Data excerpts
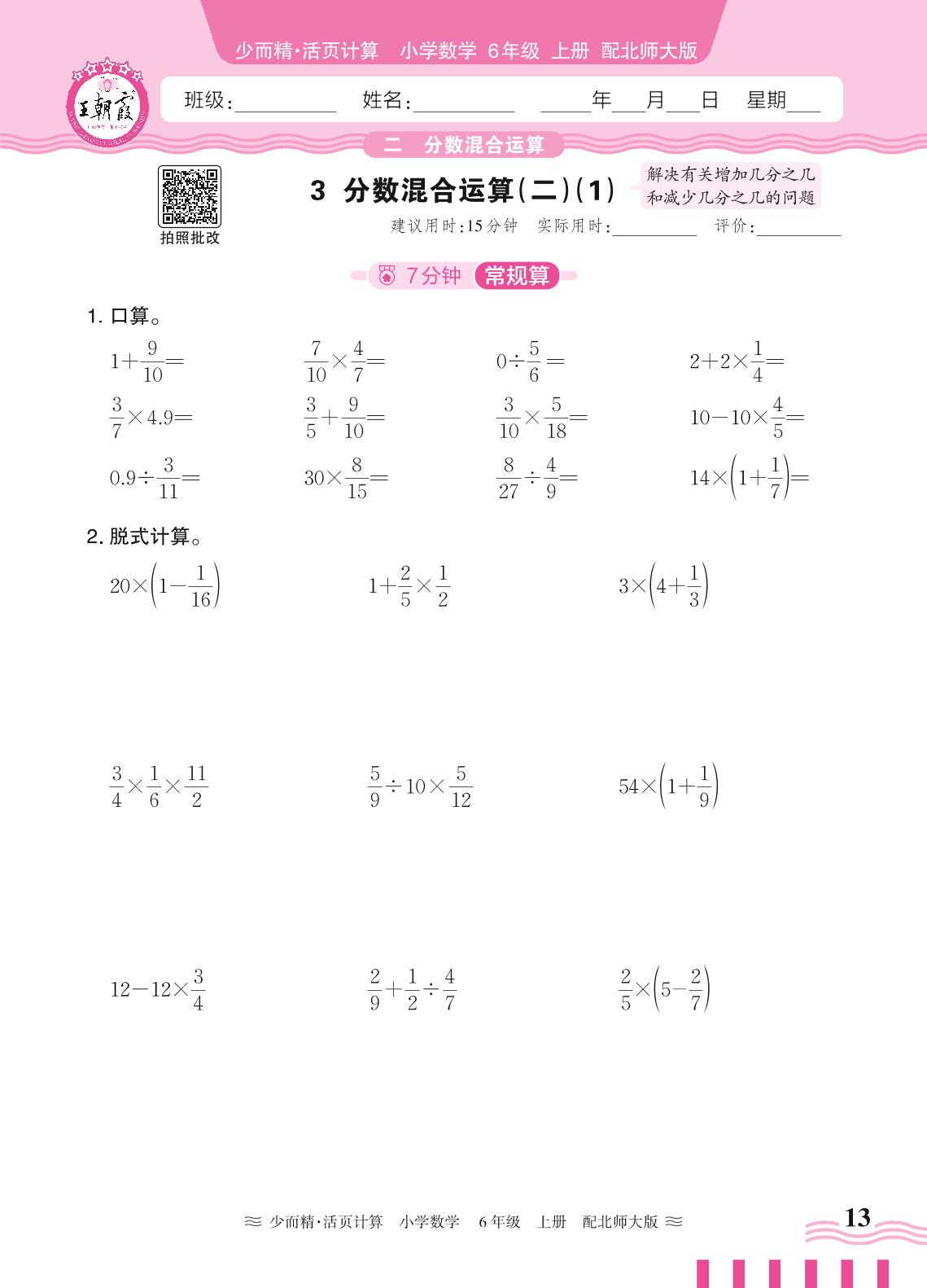 2024秋上册六年级数学北师版 第二单元 分数混合运算——3. 分数混合运算(二)(1)_R240819101006021
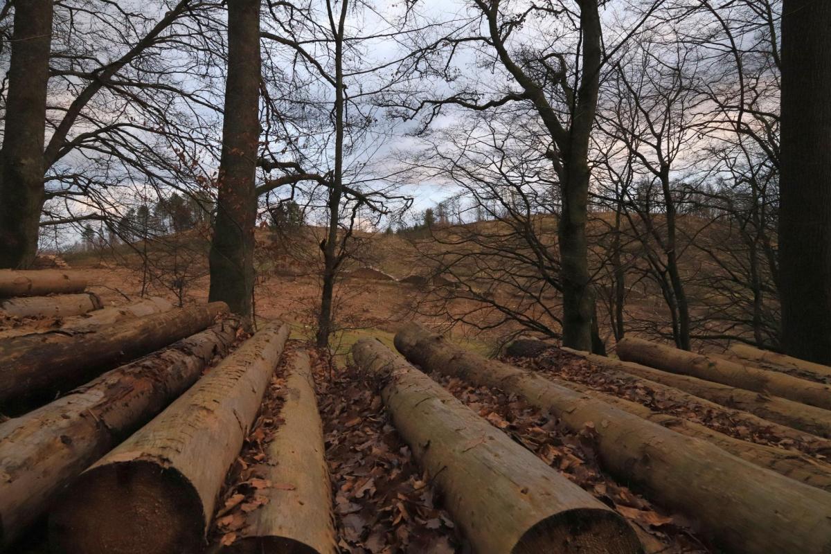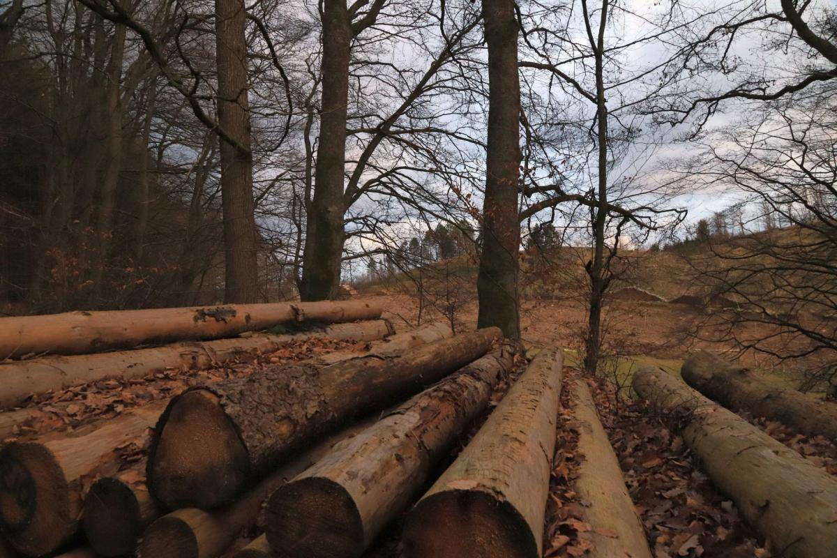 Kahlschlag auf einer Fläche von ca. 2,5 Hektar, hinter und oberhalb einer Wildwiese, östlich von "Aufm Fangsboden".
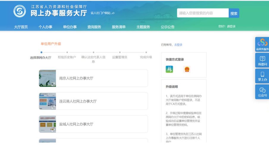 在省系统上线前已经在南京市系统注册的单位,可在登陆时选择老用户升级的方式进行网办注册,升级有困难的也可采用法人线上注册或线下柜面注册的方式完成注册。
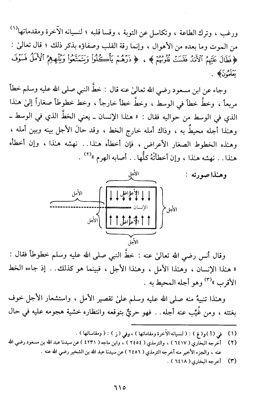 وجاء عن ابن مسعود رضي اللَّه تعالى عنه قال: خطَّ النبي صلى اللَّه عليه وسلم خطًا مربعًا، وخطَّ خطًا في الوسط، وخطَّ خطًا خارجًا، وخط خطوطًا صغارًا إلى هذا الذي في الوسط من حواليه فقال: "هذا الإنسان -يعني الخطَّ الذي في الوسط- وهذا أجله محيطٌ به، وذاك أمله خارج الخط، وقد حالَ الأجل بينه وبين أمله، وهذه المخطوط الصغار الأعراض، فإن أخطأه هذا. . نهشه هذا، وإن أخطأه هذا. . نهشه هذا، وإن أخطأتْهُ كلُّها. . أصابه الهرم" (¬2).
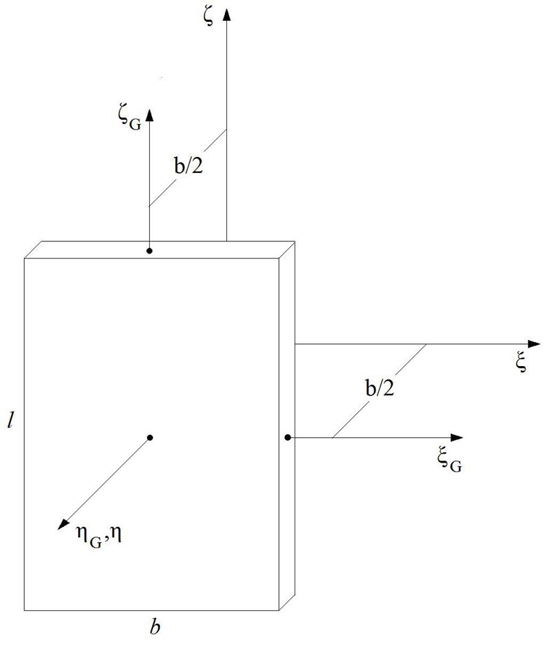 Nedan har vi vår rektangulära platta där G står för axel genom plattans egna masscentrum:
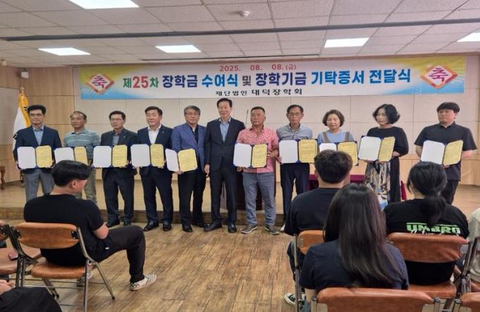 (아름다운교육신문) 장흥군 대덕읍 대덕장학회는 8일 대덕읍행정복지센터에서 ‘2025년 제25차 장학금 수여식 및 장학기금 기탁증서 전달식’을 개최했다.
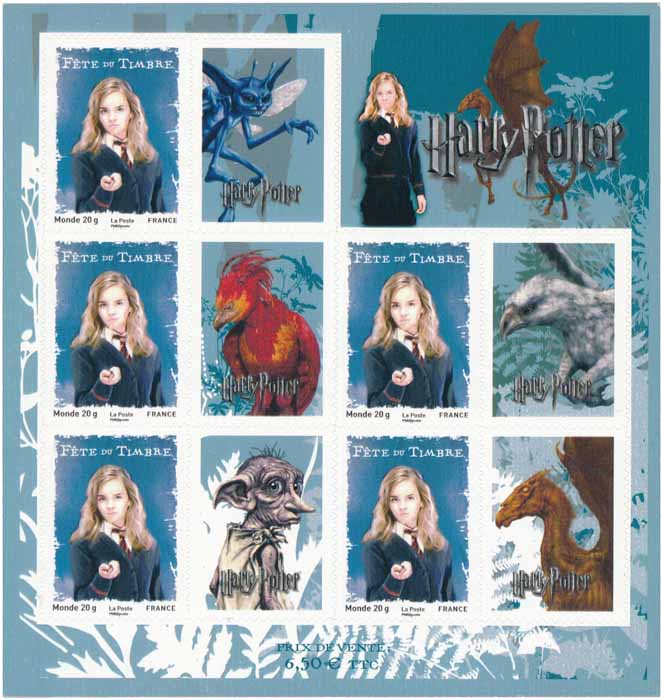 Mini-feuille de timbres "Harry Potter" À l'occasion de la Fête du Timbre et de l'Ecrit, La Poste émet trois mini-feuilles de timbres avec vignettes attenantes :

» About this exercise
Pictures do not belong in the answer. Return the lines above starting at the one with "Kahlschlag auf einer" and ending at the one with "在省系统上线前已经在南京市系", both kept, exactly.

» Result of the exercise
 Kahlschlag auf einer Fläche von ca. 2,5 Hektar, hinter und oberhalb einer Wildwiese, östlich von "Aufm Fangsboden".
 在省系统上线前已经在南京市系统注册的单位,可在登陆时选择老用户升级的方式进行网办注册,升级有困难的也可采用法人线上注册或线下柜面注册的方式完成注册。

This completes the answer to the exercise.